Neurizon Therapeutics Limited (ASX: NUZ) reported significant regulatory, clinical, and corporate milestones during the quarter, positioning the company for late-stage clinical development of its lead asset, NUZ-001. The US FDA lifted the clinical hold on NUZ-001's Investigational New Drug (IND) application, clearing the pathway for progression into advanced clinical trials. This was followed by FDA clearance for NUZ-001 to enter the HEALEY ALS Platform Trial, with NUZ-001 confirmed as Regimen I. Neurizon also completed GMP tablet registration batches for NUZ-001, strengthening manufacturing readiness ahead of regulatory submissions. The company was granted an Australian patent covering NUZ-001 across multiple neurodegenerative indications, extending IP protection to 2041. Strategically, Neurizon further strengthened its relationship with Elanco Animal Health.
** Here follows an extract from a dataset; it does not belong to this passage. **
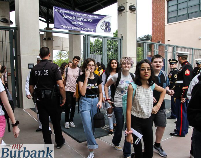 School board member Emily Weisberg referenced survey data collected by the Burbank police commission that noted the lack of safety felt by students of color in the presence of on-campus police officers and SROs. “We need students to understand the role of SROs,” said Weisberg, who went on to say, “the discussion of SROs in schools shouldn’t be politicized. However, the needs and safety of students of color should be taken into consideration in this discussion.”

To fund the HEALEY ALS Platform Trial, Neurizon executed a comprehensive funding package, including a placement, convertible note facility, and a pro rata entitlement offer, providing full funding certainty. The company maintained strong engagement with the ALS community and continued its capital markets expansion, including trading on the OTCQB Venture Market in the US.

Neurizon has secured sufficient funding to complete the pivotal registration-adaptive Phase 2/3 HEALEY ALS Platform Trial for its lead asset NUZ-001.

Neurizon is well positioned to execute on its clinical strategy, deepen strategic partnerships, and progress toward accelerated regulatory pathways for NUZ-001, with the goal of delivering meaningful progress for people living with ALS and other neurodegenerative diseases, and long-term value for shareholders.